Your files are secretly full of it. Metadata – data about data – is often embedded in the electronic file itself. Therefore, if you are sharing files with clients, it is vital to understand how you might inadvertently be sharing metadata with them too.
Take back control of what you share
When stored internally, the metadata travels with the data to which it relates. As a result, when a copy of an electronic file is made, the internal metadata associated with the original file is included as well. If you’re sending files to clients, this could be a major nuisance – for example, they could uncover a wealth of confidential information hidden behind the scenes in a comments section that was originally only meant for internal use.
Whether you are sending out deal documents that are undergoing numerous rounds of revision between parties or forwarding confidential files to a client, you should ensure that all metadata is scrubbed or removed. This includes data such as total editing time, comments and anything else never intended to live beyond the draft stage, just in case anything incriminating ever falls into the wrong hands.
Various metadata scrubbing plug-ins are available; but if you don’t have these, then converting a Word, PowerPoint or Excel file into a PDF is an excellent way of erasing any metadata traces. Most PDF converters, such as Adobe, have a feature that allows you to eliminate metadata and annotations from an open PDF document.
US state bar associations weigh in
Is it dishonest to look for metadata in a document exchanged between counsel? US state bar associations are divided in their approaches.
On one hand, the state bar of New York concluded that conducting a purposeful search for metadata is unethical. The New York State Bar Association emphasised that "it is a deliberate act by the receiving lawyer, not carelessness on the part of the sending lawyer, that would lead to the disclosure of client confidences and secrets" in the embedded data.
However, the Maryland State Bar Association found nothing unethical with deliberately mining documents sent by opposing counsel outside the context of discovery for metadata.
While there are variations depending on each jurisdiction, many state bars agree that it would be a breach of ethics only if the metadata had been sent inadvertently, and that it is the lawyer’s duty to notify the sender. On the other hand, it must be stressed that a lawyer can still actively "mine" a document for metadata and acquire confidential and privileged information.
In light of this, it appears that the greater the significance of the information and the clearer it is that the information was sent by mistake, the more likely it is that it is unethical not to notify the sender of the presence of embedded data.

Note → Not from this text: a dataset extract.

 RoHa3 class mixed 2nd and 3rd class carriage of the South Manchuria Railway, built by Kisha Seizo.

To avoid issues, best practice for firms is to ensure that metadata is stripped before documents are sent out. Don’t get caught out sharing information you wanted to keep confidential!

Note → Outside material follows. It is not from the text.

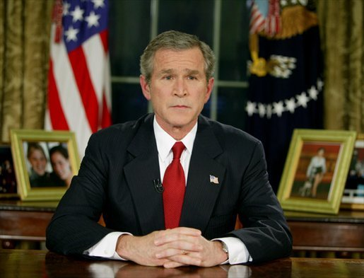 President George W. Bush addresses the nation from the Oval Office at the White House Wednesday evening, March 19, 2003, announcing the beginning of Operation Iraqi Freedom. THE PRESIDENT: My fellow citizens, at this hour, American and coalition forces are in the early stages of military operations to disarm Iraq, to free its people and to defend the world from grave danger... Image obtained from

But don’t despair; metadata isn’t all bad. There is no right amount of metadata. Too little and you leave your content unsupported – making it difficult for readers to navigate from different content articles, especially if the reader wants to read more of what your firm is writing about.
However, metadata can be beneficial when it comes to organising content on your firm’s website – why not assign content-related tags so that your content is read by the right audience? Even better, making your website searchable by those tags; a great way to improve your site’s navigation to your audience and enhance their online experience.